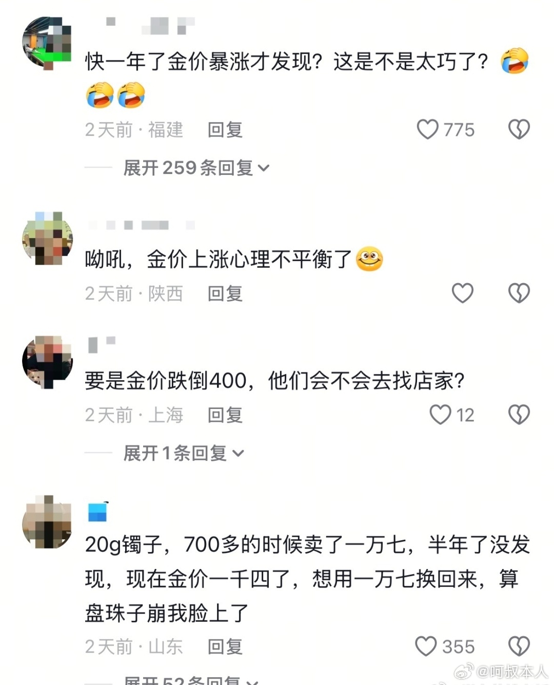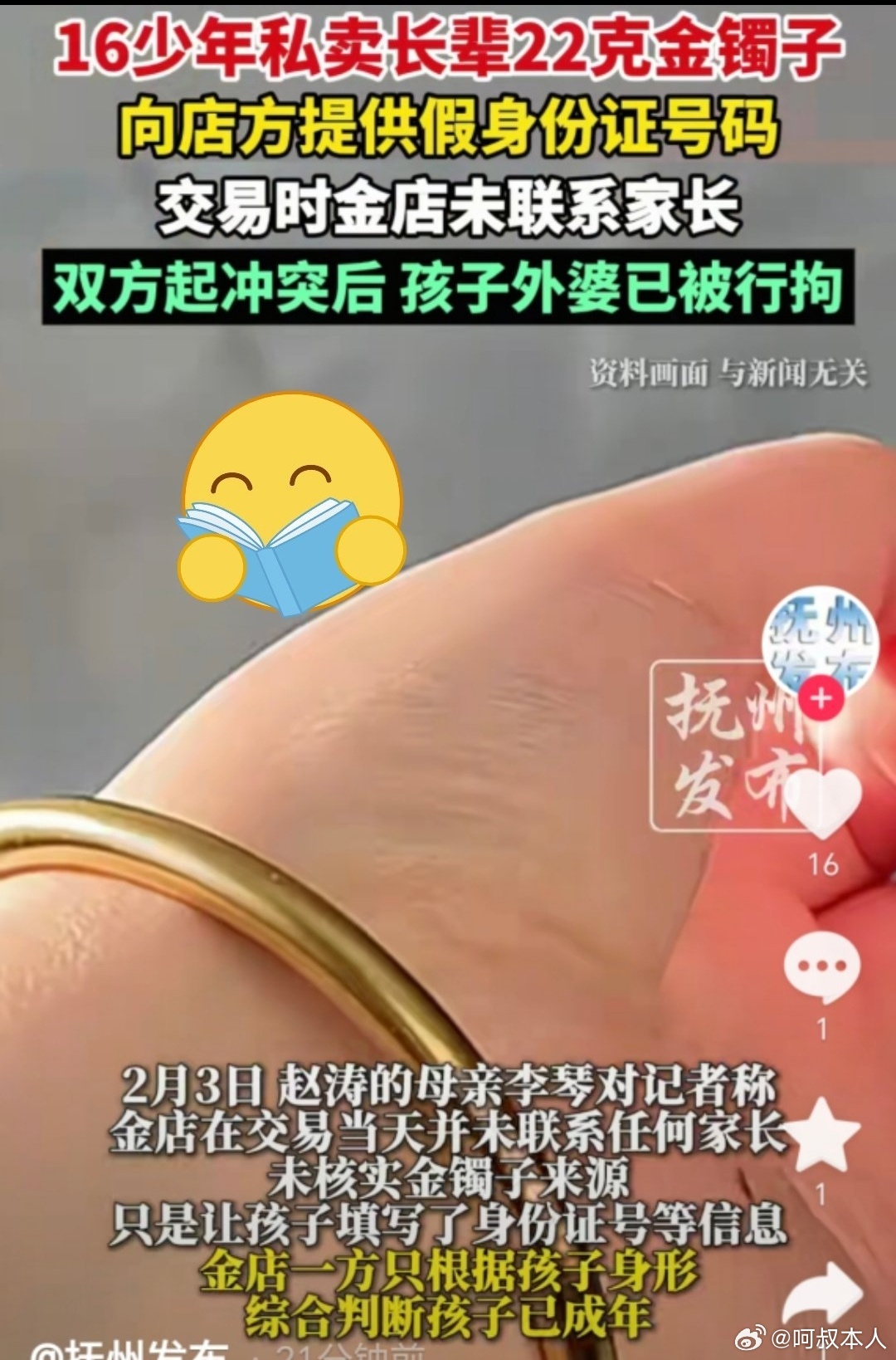 孩子1.7万私卖22克金镯妈妈发声半年后才退都知道家长心里算盘,但是金店收的不合规,就得为这个买单!未成年人卖金银这肯定不是他的东西,非偷即抢,卖的时候要身份登记和拍照,这个过程店家柜姐肯定知道,心里明的跟镜似的,这种不合规手段能买卖成功就是金店没有尽到自己的义务还想占便宜,不明不白的交易,代价就是后面有麻烦事,这不就来了……这家长也是一点原则都没有,孩子卖了半年自己早就知道了,无非就是对比了价格之后觉得正常,现在涨价了想耍赖,去就去呗还把自己老妈带去,准备干什么,撒泼打滚么……官方回应孩子卖金镯半年后家长要退打金店1个月垃圾扫出金粉值200万
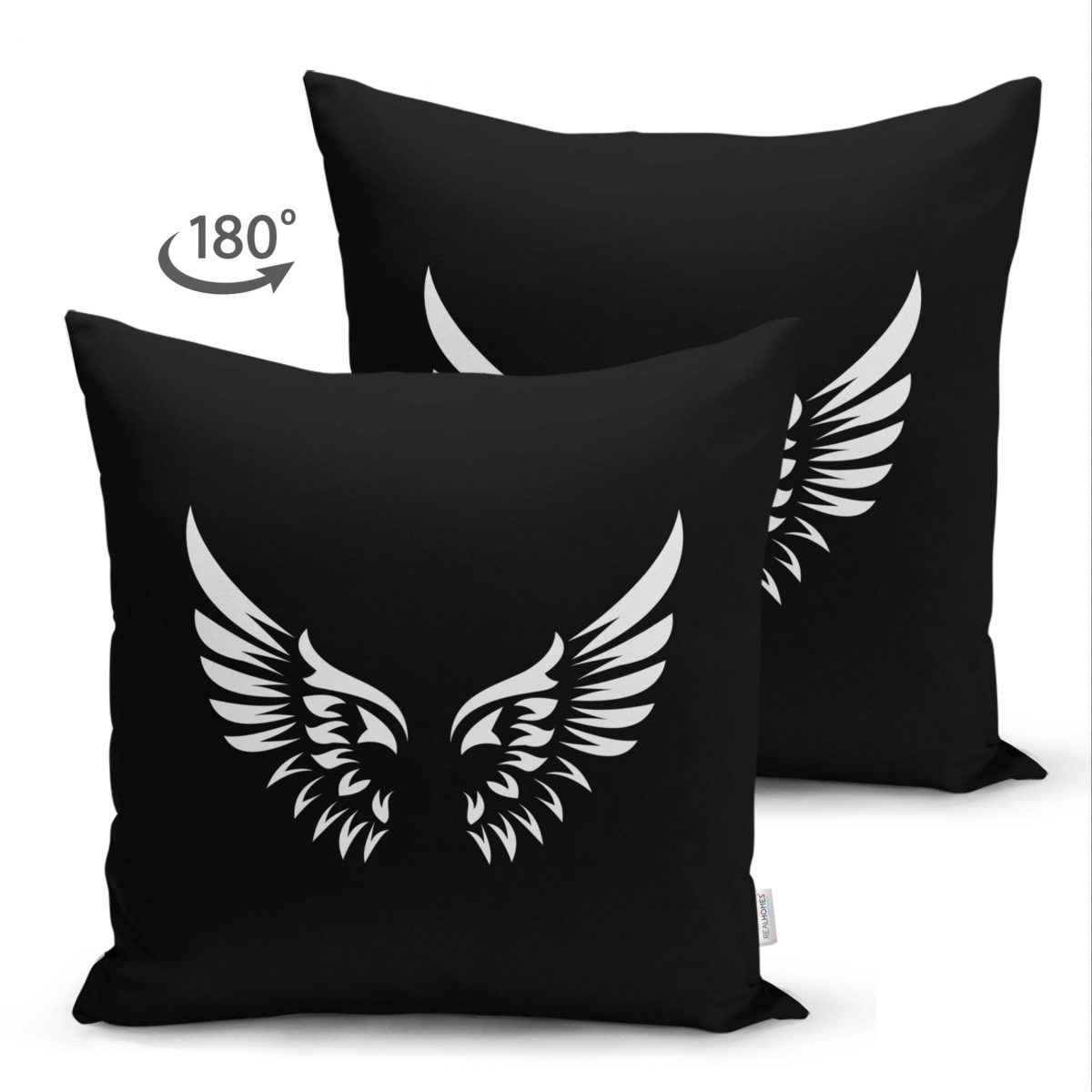 Çift Taraflı Siyah Zemin İçinde Görünen Beyaz Kanatlar Dekoratif Süet Kırlent Kılıfı
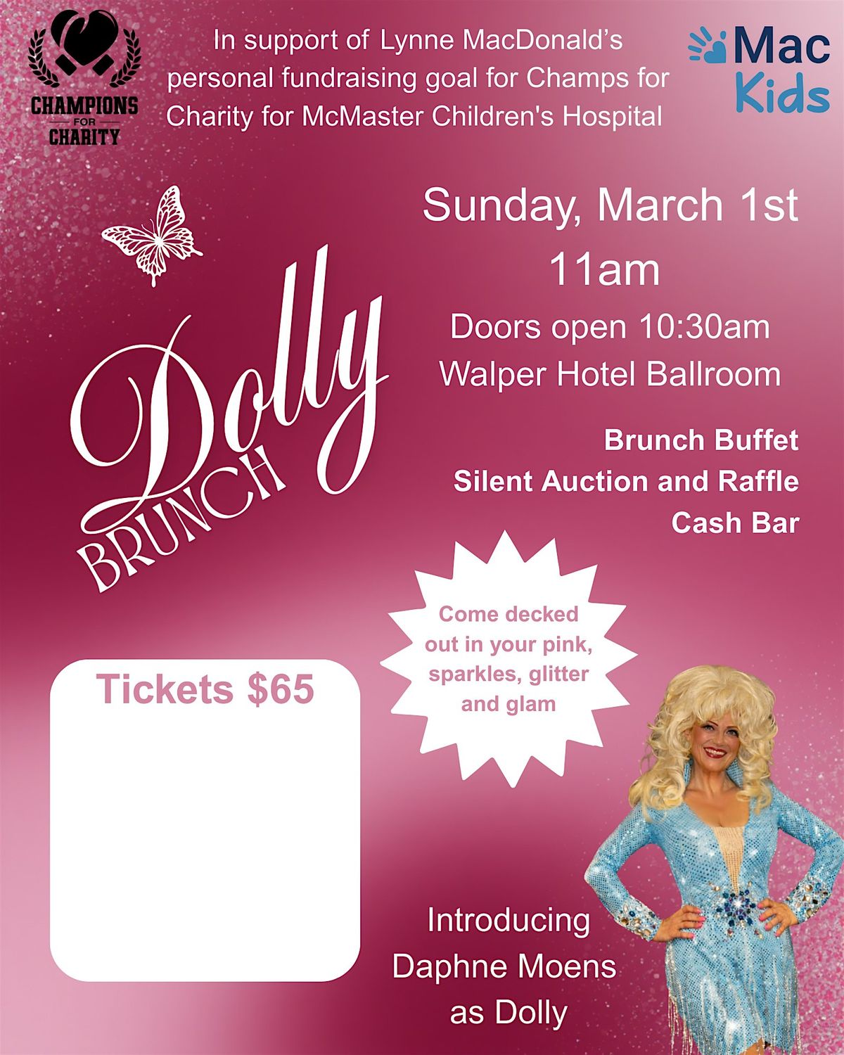 Only $65 - gets you a performance by one of Canada's top Dolly impersonators, an incredible brunch buffet from the Walper hotel. there are door prizes and raffle prizes. AND this is all for an incredible cause. All proceeds go to Champs For Charity Mac Kids ❤️❤️❤️McMaster childrens hospital.
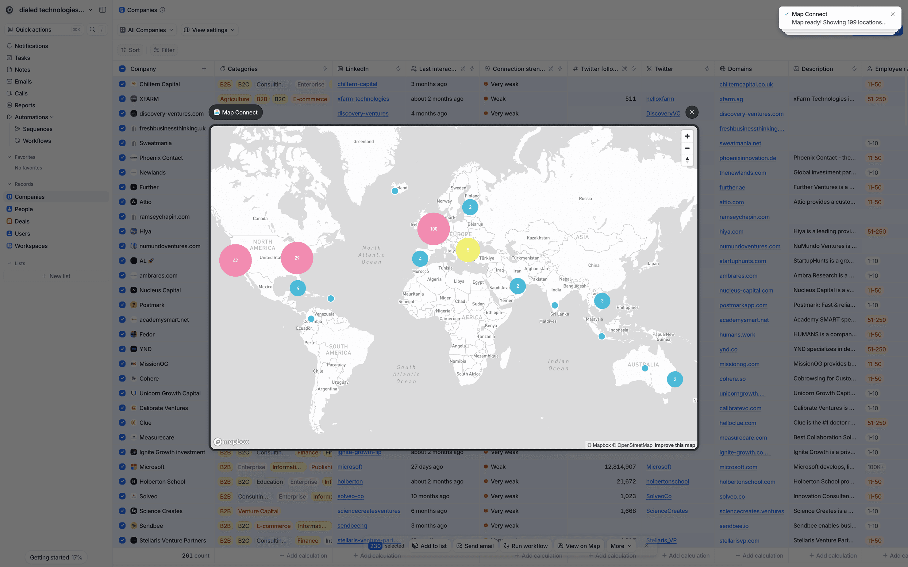 Plot people, companies, and deals on a map
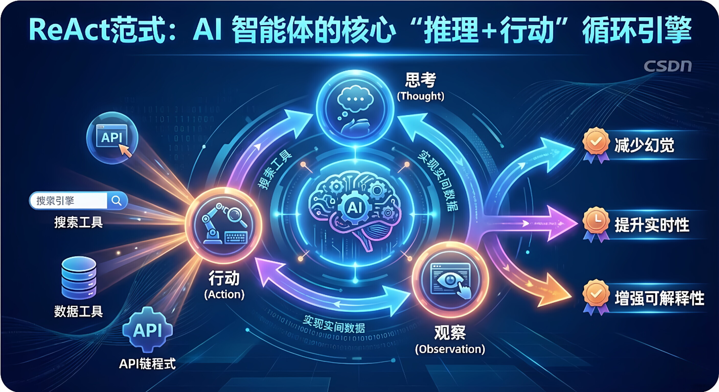 它是目前所有主流 Agent 框架(如 LangChain, AutoGPT)背后的底层逻辑。
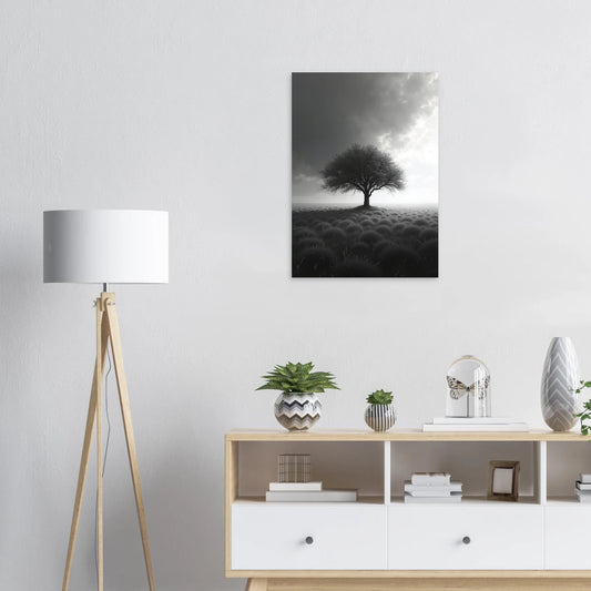 Sfeervol Zwart-Wit Stillevenslandschap met Eenzame Boom
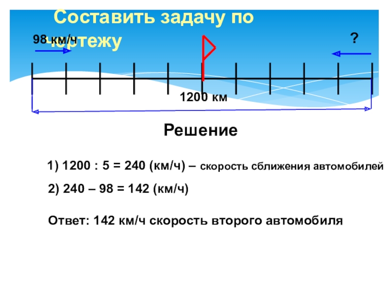 1) 1200 : 5 = 240 (км/ч) – скорость сближения автомобилей

^^^^^^^^

→ **Try it**: Repeat all the material above exactly, apart from the pictures.

→ **Written response**:
 孩子1.7万私卖22克金镯妈妈发声半年后才退都知道家长心里算盘,但是金店收的不合规,就得为这个买单!未成年人卖金银这肯定不是他的东西,非偷即抢,卖的时候要身份登记和拍照,这个过程店家柜姐肯定知道,心里明的跟镜似的,这种不合规手段能买卖成功就是金店没有尽到自己的义务还想占便宜,不明不白的交易,代价就是后面有麻烦事,这不就来了……这家长也是一点原则都没有,孩子卖了半年自己早就知道了,无非就是对比了价格之后觉得正常,现在涨价了想耍赖,去就去呗还把自己老妈带去,准备干什么,撒泼打滚么……官方回应孩子卖金镯半年后家长要退打金店1个月垃圾扫出金粉值200万
 Çift Taraflı Siyah Zemin İçinde Görünen Beyaz Kanatlar Dekoratif Süet Kırlent Kılıfı
 Only $65 - gets you a performance by one of Canada's top Dolly impersonators, an incredible brunch buffet from the Walper hotel. there are door prizes and raffle prizes. AND this is all for an incredible cause. All proceeds go to Champs For Charity Mac Kids ❤️❤️❤️McMaster childrens hospital.
 Plot people, companies, and deals on a map
 它是目前所有主流 Agent 框架(如 LangChain, AutoGPT)背后的底层逻辑。
 Sfeervol Zwart-Wit Stillevenslandschap met Eenzame Boom
 1) 1200 : 5 = 240 (км/ч) – скорость сближения автомобилей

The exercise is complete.